RIOC -- the Roosevelt Island Operating Corporation -- for it's part, stuck to administrative routines, dedicating itself to face-saving evasions and, in some respects, self-serving omissions. 

"While the event was highly successful, with great weather, fabulous entertainment, Japanese culture, and of course the beautiful cherry blossom trees, the island experienced overcrowding in its transportation hubs, at the Tramway, Subway, and Ferry," RIOC reminded everyone.

Nothing in either statement takes responsibility, let alone apologizes, for causing our friends to be prevented from going home by a ten-block thick Queens traffic jam or for families forced to walk across the Roosevelt Island Bridge just to get water.

Let the Excuses and Evasions Begin

According to the Cherry Blossom Festival Committee, "The scope of the Roosevelt Island Residents Association is the creation, production, staffing, promotion and maintenance of the cultural integrity of the Cherry Blossom Festival’s programming," which pretty much threw a deserving RIOC under the bus.

The group cheerfully fluffed off responsibility for food vendors or for advance, coordinated planning that might've reduced safety hazards and the eventual media thrashing overshadowing lovely events in Four Freedoms Park.

"One of the quintessential elements of the traditional Japanese cherry blossom celebration," the committee continued, "is to witness to the actual popping of the cherry blossoms while picnicking under the trees."

(Get it? Not enough vendors? Your fault. You should've brought a picnic basket.)

More embarrassing for those of us hoping someone involved might take an adult position was this, "It’s safe to say no one anticipated the overwhelming number of the many thousands of people visiting."

That's simply a lie that RIOC echoed.

RIOC President/CEO greets the Cherry Blossom Festival crowd in FDR Four Freedoms Park
RIOC President/CEO greets the Cherry Blossom Festival crowd in FDR Four Freedoms Park
© David Stone / Roosevelt Island Daily

The truth organizers fumble to avoid is that, on RIOC's Facebook page alone, more than 13,000 registered their intent to attend with a whopping 80,000 or so checking off "Interested."

What small percentage of people living somewhere other than Roosevelt Island do you think check out RIOC's Facebook page long enough to check the box? And why didn't the patroons at 591 Main Street simply do the math?

No one anticipated "the many thousands of people visiting?"

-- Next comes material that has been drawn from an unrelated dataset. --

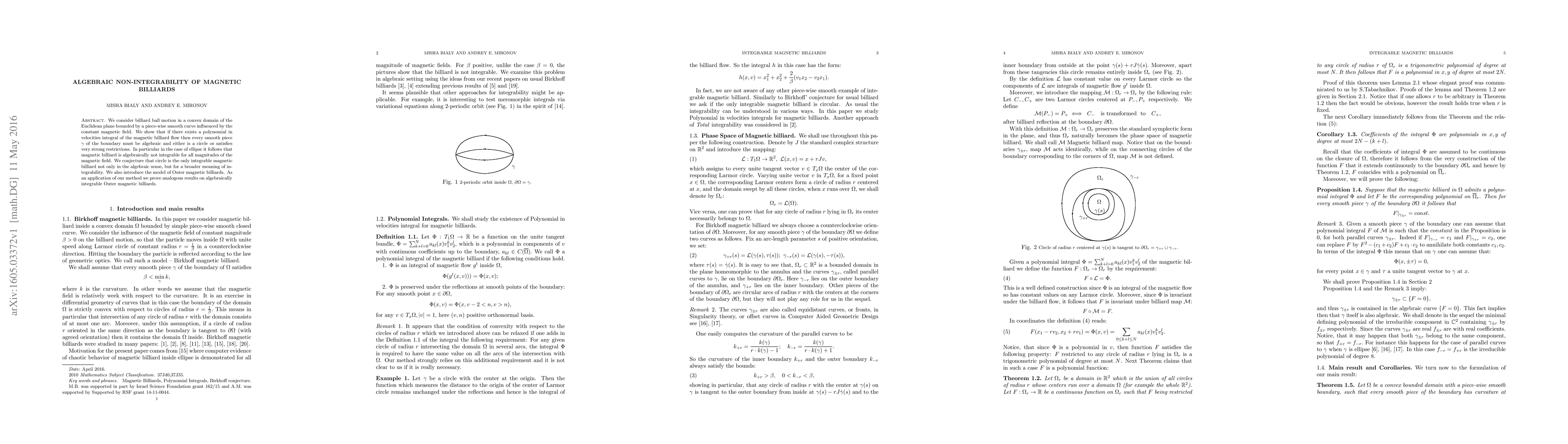 This research demonstrates that magnetic billiards in convex domains are algebraically non-integrable unless the boundary is a circle, revealing strong restrictions on smooth pieces that could allow polynomial integrals. The study also introduces Outer magnetic billiards and proves similar results for these systems.

A vocal group of disenchanted Common Council Members virtually screamed warnings on RIOC's doorstep, a week or more in advance. To no avail.

The Daily, also, published the numbers and what they suggested about the eventual onslaught that froze auto traffic, left families without anything to eat or drink and jammed the subway station.

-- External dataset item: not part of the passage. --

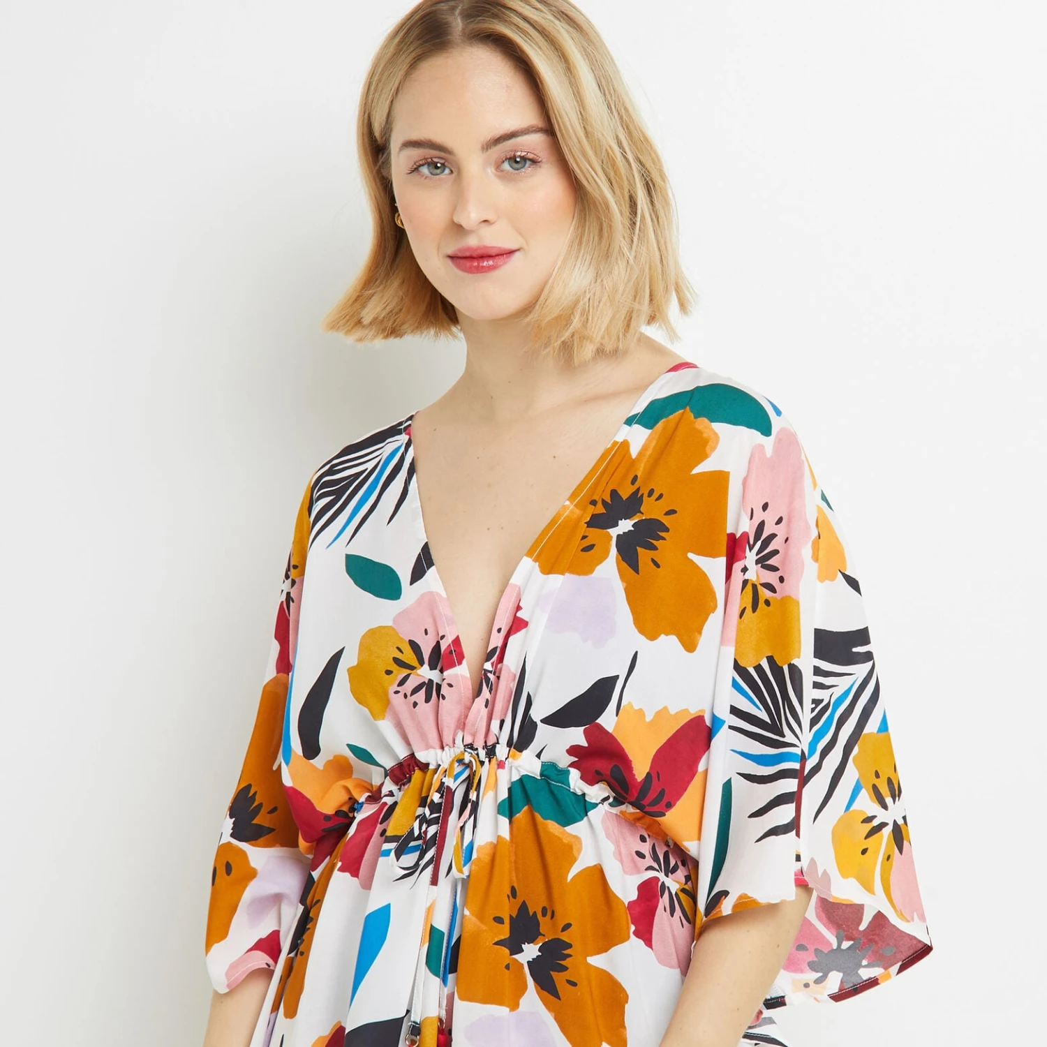 « La tunique d’été de rêve : colorée, cool, esprit vacances… surtout grâce à sa coupe ultra confort, facile et pratique à enfiler sur un maillot, et sa composition 100% viscose ecovero, conçue à partir de pulpe de bois issue des forêts durables. »

It wasn't that "no one anticipated," it was that the organizers chose to believe in some sort of magical fantasy where everything fixes itself instead.

And why would anyone expect them to do otherwise?

RIOC screwups in the last year, which we'll skip listing here because the Cherry Blossom Festival results are stomach tightening enough, are the things of legend, and face it, no planning took place beyond the performance venue.

Leave it to magical intervention from invisible forces.

Regrettable Failures, Before and After

It's galling to see RIOC churn up the excuse/evasion machinery again, but what's more maddening is something a bit less obvious: As any mentally healthy adult knows, if you're unable to recognize your mistakes, you're unlikely to avoid repeating them. 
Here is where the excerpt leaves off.